» **What you will do**:
Write out again, word for word, the lines below from the line that holds "- ウィッグから毛が抜けてし" through the line that holds "- 1943 Calendar. July 19", omitting pictures.

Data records
· · · ·

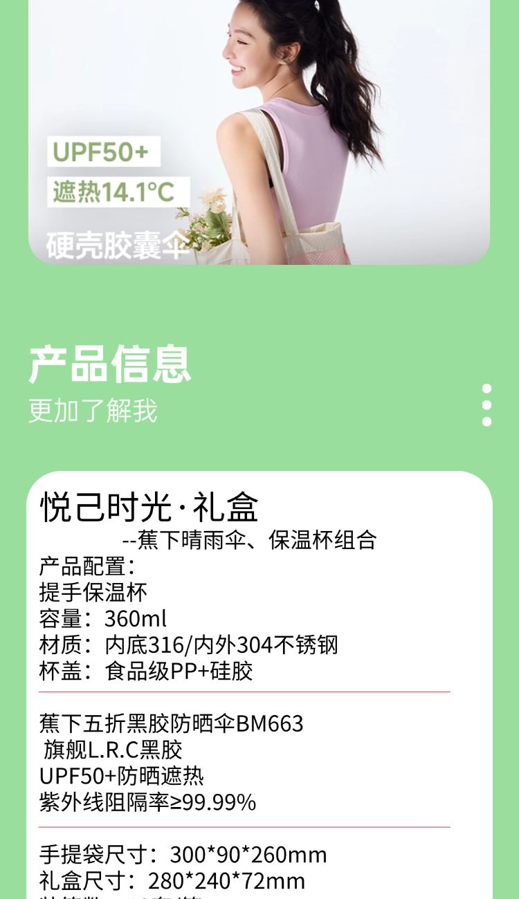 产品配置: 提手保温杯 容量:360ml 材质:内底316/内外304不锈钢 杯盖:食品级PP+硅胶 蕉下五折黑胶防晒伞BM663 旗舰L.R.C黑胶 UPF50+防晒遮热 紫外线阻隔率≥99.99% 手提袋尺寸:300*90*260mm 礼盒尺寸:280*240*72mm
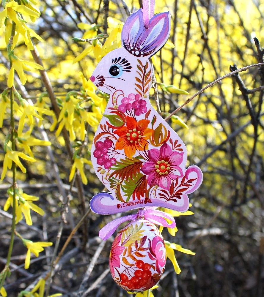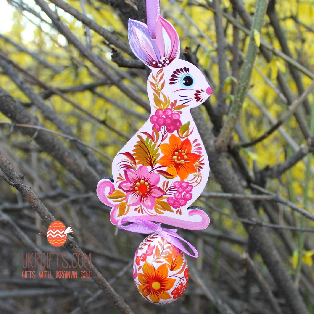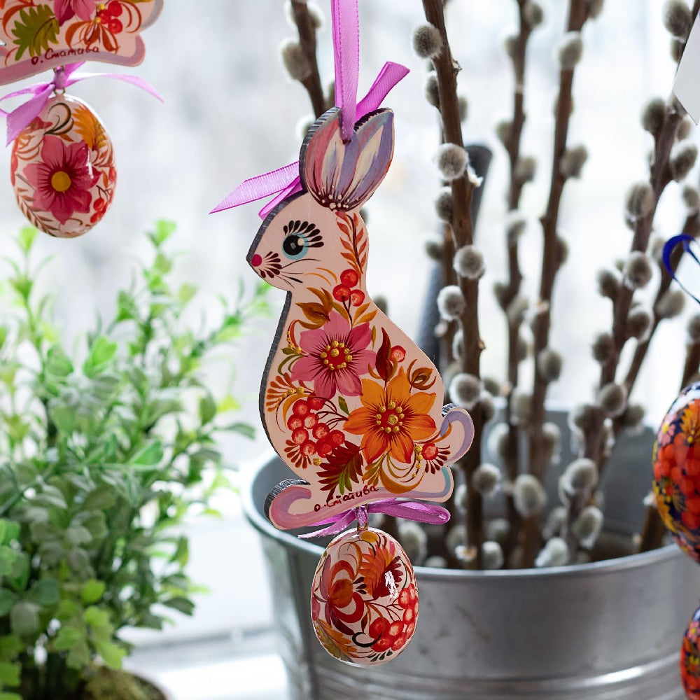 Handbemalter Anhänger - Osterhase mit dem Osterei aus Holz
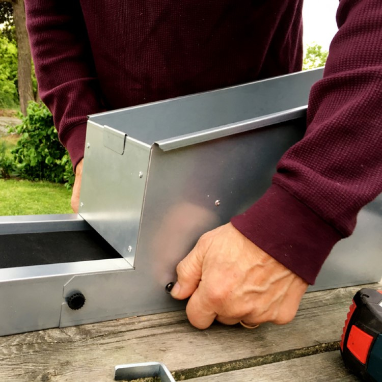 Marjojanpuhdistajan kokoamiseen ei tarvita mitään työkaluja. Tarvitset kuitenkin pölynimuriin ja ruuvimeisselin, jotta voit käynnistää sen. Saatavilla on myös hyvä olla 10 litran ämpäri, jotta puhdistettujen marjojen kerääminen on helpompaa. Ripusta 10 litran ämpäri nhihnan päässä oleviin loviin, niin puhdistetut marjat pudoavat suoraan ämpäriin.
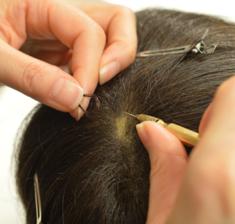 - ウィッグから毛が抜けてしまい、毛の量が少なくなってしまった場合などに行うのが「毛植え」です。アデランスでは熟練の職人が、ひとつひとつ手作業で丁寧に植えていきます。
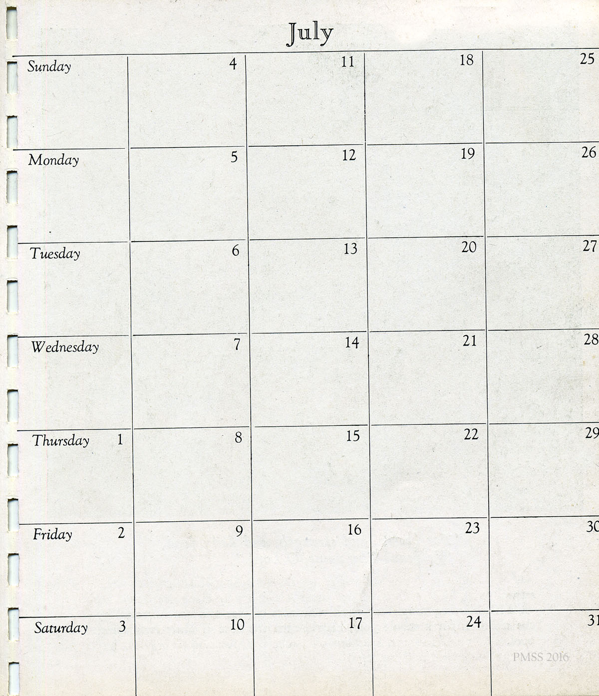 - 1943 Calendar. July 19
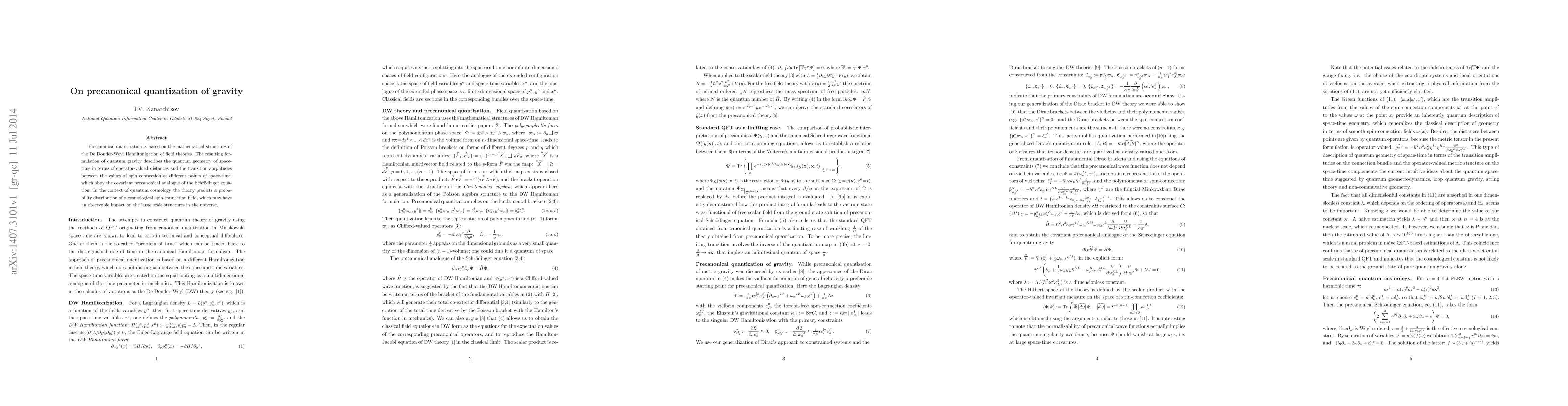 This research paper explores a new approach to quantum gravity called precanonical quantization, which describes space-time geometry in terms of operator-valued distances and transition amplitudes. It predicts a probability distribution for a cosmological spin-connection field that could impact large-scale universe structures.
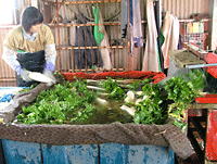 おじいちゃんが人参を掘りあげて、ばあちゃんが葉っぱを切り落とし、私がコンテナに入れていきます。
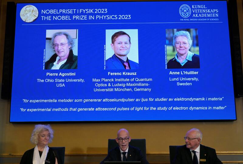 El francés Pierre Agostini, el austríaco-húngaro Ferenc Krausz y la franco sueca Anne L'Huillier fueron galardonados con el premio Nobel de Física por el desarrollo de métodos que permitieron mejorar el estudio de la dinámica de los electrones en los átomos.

· · · ·

» **Solution for this exercise**:
 - ウィッグから毛が抜けてしまい、毛の量が少なくなってしまった場合などに行うのが「毛植え」です。アデランスでは熟練の職人が、ひとつひとつ手作業で丁寧に植えていきます。
 - 1943 Calendar. July 19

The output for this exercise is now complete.